The creation of autonomous and community health houses, the training of health aides at the level of each community, sexual education with a particular focus on gender, the conservation of traditional plants and the implementation of natural medicine, are the way to rescue the traditional culture of the peoples and, through it, avoid the cultural genocide that the neoliberal policy is carrying out against the indigenous and black peoples of Mesoamerica.
The peoples are already united, the steps are being taken, barefoot and slow, but firm towards the construction of a world where all worlds fit.
Declaration of Hope
The representatives of the peasant, indigenous and black peoples of Meso America, gathered on the occasion of the development of the forum "Mesoamerican Exchange of Resistance in defense of our rights, resources and peoples" issued the following declaration:
1. We reject in the most energetic way the scam suffered by the Honduran people, especially the Garífuna people, with the sale of the Bahía de Tela, through the International Cooperation Agencies and the financing of the International Financial Institutions (IDB, WB, IMF, etc.)
2. We sympathize with the struggle of the Salvadoran people against the company -Pacific Rim- for the construction of the El Dorado mine, which threatens the lives of the communities of the Cabaña department.
3. Once again we express our opposition and repudiation of the FTA, the PPP and its nefarious projects such as the CBM instruments of death against the Mesoamerican peoples and natural resources.
4. We will continue to deepen the campaign “Yes to life, no to IFIs”.
5. We reject the actions of dispossession of the land masked in individual titling programs, or the implementation of laws and programs that legalize the usurpations of the ancestral territories of the peoples. Such as the Program for Land Administration in Honduras (PATH), PROCEDE in Chiapas and the other land projects funded by the EU and the US.
In particular we sympathize with the community of Sambo Creek, Atlántida, Honduras, which is threatened with being dispossessed of their ancestral lands.
6. We demand the immediate freedom of political prisoners, imprisoned for their active membership in social organizations in Mesoamerica.
7. We demand the clarification of the murders of social leaders and the punishment of the guilty.

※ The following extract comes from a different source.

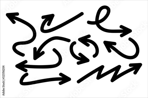 Isolated vector hand drawn arrows set on a white background. Doodle Vector Arrow Set.

8. We reject the summit of Central American presidents who seek to impose neoliberal policies and free trade agreements in our region.

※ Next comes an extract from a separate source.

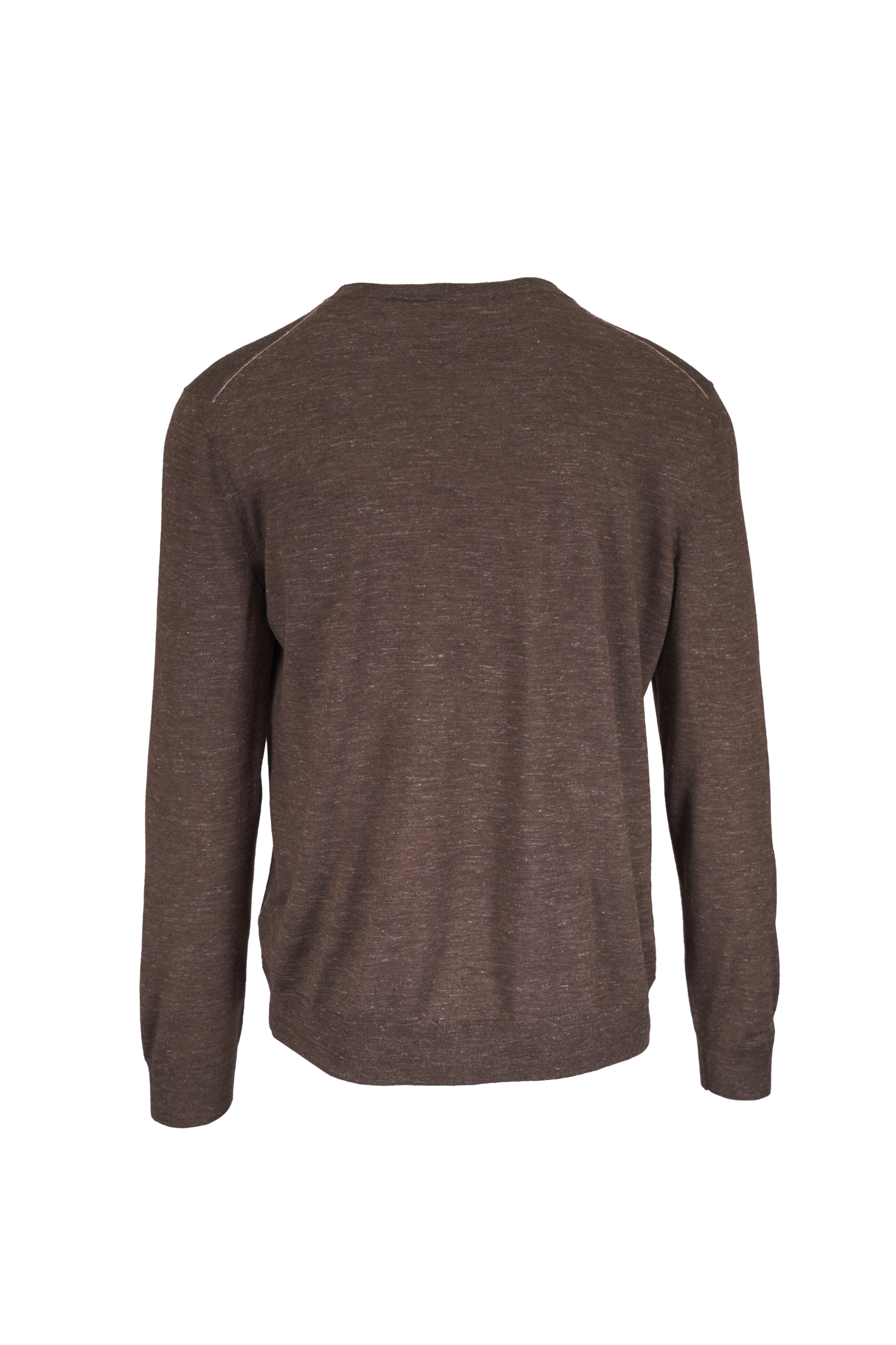 Brown Silk, Cashmere & Linen Crewneck Sweater

9. We support the struggles of the peoples of the world for the construction of a more just and humane society.
10. We recognize the usefulness of popular exchange spaces that strengthen articulation, exchange and brotherhood, committing ourselves to continue.
"BECAUSE A JUST AND DIGNIFIED MESOAMERICA IS POSSIBLE"
La Esperanza, Intibucá May 28, 2005
ADES, CIEPAC, COMPA, COPINH, MST, OFRANEH, National and International Civil Society.